In this hybrid approach, a set of pre-defined L3-L7 behavioral features monitor and collect data at the data plane, which is then fed into several behavioral models using machine learning algorithms that learn and profile these behavioral features periodically.

In tandem, network and application level traffic logging data collected over specific periods of time, are also processed, sorted, filtered and analyzed.

Built on the predictive results of the behavioral modeling and statistical analysis from the logging data, a set of correlation rules are defined to correlate the corresponding results from different detecting modules. They are used to identify those IP addresses that are “abnormal” compared with the IP addresses that have normal web accessing and browsing behavior. The final result is a classified threat event that is saved into the threat event database.

The solution also offers a user interface for network and IT staff with clear and accurate visibility of suspicious web crawler activity along with corresponding IP addresses and other forensic data so that they can take proper action to mitigate these actions.

The following are two examples that illustrate suspicious web crawler activity and detection using behavioral modeling and analysis:

In the above example, you can note the following:

  • On the left graph, the red dots represent the abnormality of HTTP requests with 3XX return code.
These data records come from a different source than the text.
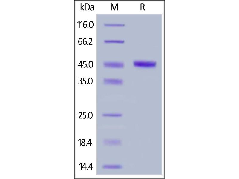 The purity of the protein is greater than 85 % as determined by SDS-PAGE and Coomassie blue staining.
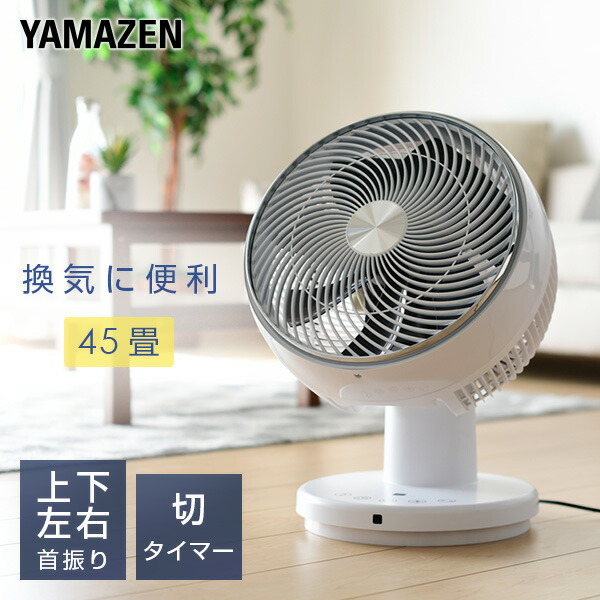 サーキュレーター 45畳 大風量 上下左右自動首振り 上向き90度 風量3段階 室温表示 リモコン YAR-W305(W) エアーサーキュレーター 大型 山善
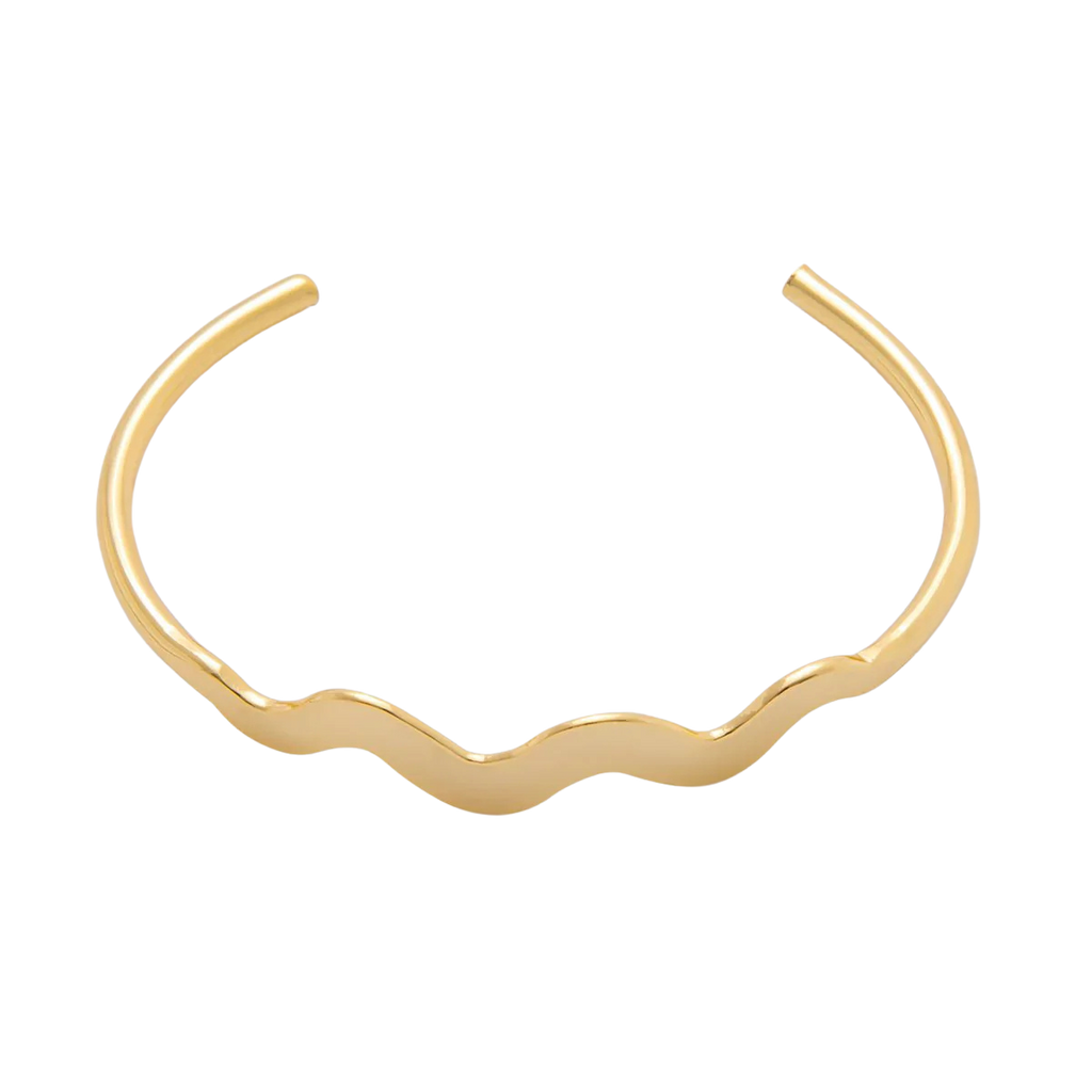 Gold Stainless Steel Triple Wave Round Cuff Bangle Bracelet ✦ BA-21WA3466

You will notice that some IP addresses have 65% of 3XX return codes; other IP addresses have 100% of 3XX return codes.
  • On the right graph, the red dots indicate the abnormality of those having URL width (i.e. directories visited) requests within a learning cycle. Some IP addresses have a significantly higher number of URL directories visited over others in one learning cycle.
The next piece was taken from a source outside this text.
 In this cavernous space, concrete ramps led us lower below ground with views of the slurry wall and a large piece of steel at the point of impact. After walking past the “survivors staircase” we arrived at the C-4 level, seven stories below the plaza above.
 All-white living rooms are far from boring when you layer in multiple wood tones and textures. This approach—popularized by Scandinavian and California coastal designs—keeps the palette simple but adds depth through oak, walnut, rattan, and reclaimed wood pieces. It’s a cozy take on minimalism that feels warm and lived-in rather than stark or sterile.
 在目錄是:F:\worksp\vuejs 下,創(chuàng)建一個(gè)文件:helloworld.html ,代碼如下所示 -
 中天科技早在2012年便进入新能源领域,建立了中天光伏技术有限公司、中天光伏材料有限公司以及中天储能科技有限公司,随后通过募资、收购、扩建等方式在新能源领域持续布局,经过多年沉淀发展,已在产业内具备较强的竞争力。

Hillstone’s behavioral model feature analyses these abnormal IP addresses (those depicted by the red dots) and correlates those IP addresses that fit these two behavioral abnormality rules. It is easy to identify potentially suspicious IPs that might be conducting malicious web crawling. In this case, the IP address 219.149.214.103 is a suspicious candidate.

Since using behavioral modeling has helped narrow down the IP addresses that have significant abnormal behaviors, it makes it very easy for network administrators to take proper and effective action.

Another example is shown below:

In this example, we note the following:

  • On the right graph, the red dots indicate the abnormality of those having URL width (i.e. directories visited) requests within a learning cycle. Some IP addresses have significantly higher number of URL directory visits than others in one learning cycle.
  • On the left graph, the red dots indicate those IP addresses that have abnormal (higher) number of HTML files request compared with other IP addresses that are monitored.

The Hilstone behavioral model features will then perform and analysis of the abnormal IP addresses (those depicted by the red dots), and correlate those IP addresses that fit these two behavioral abnormality rules. It is easy to identify the potentially suspicious IPs that might be conducting malicious web crawling. In this case, the IP address 202.112.90.159 is such a suspicious candidate.

Conclusions

Using manual and static analysis on logging data (based on most visited IP addresses) can be labor-intensive and incur higher cost and more overhead; but more importantly, can be often ineffective if it mistakenly misses slow crawlers with lower IP address numbers in the logging data. Hillstone’s hybrid solution uses a proprietary self-learning behavioral modeling mechanism that is more effective in detecting these slow crawlers. It also provides statistical analysis to automatically detect sophisticated and suspicious web crawlers as well as rich and actionable forensic evidence to the administrator.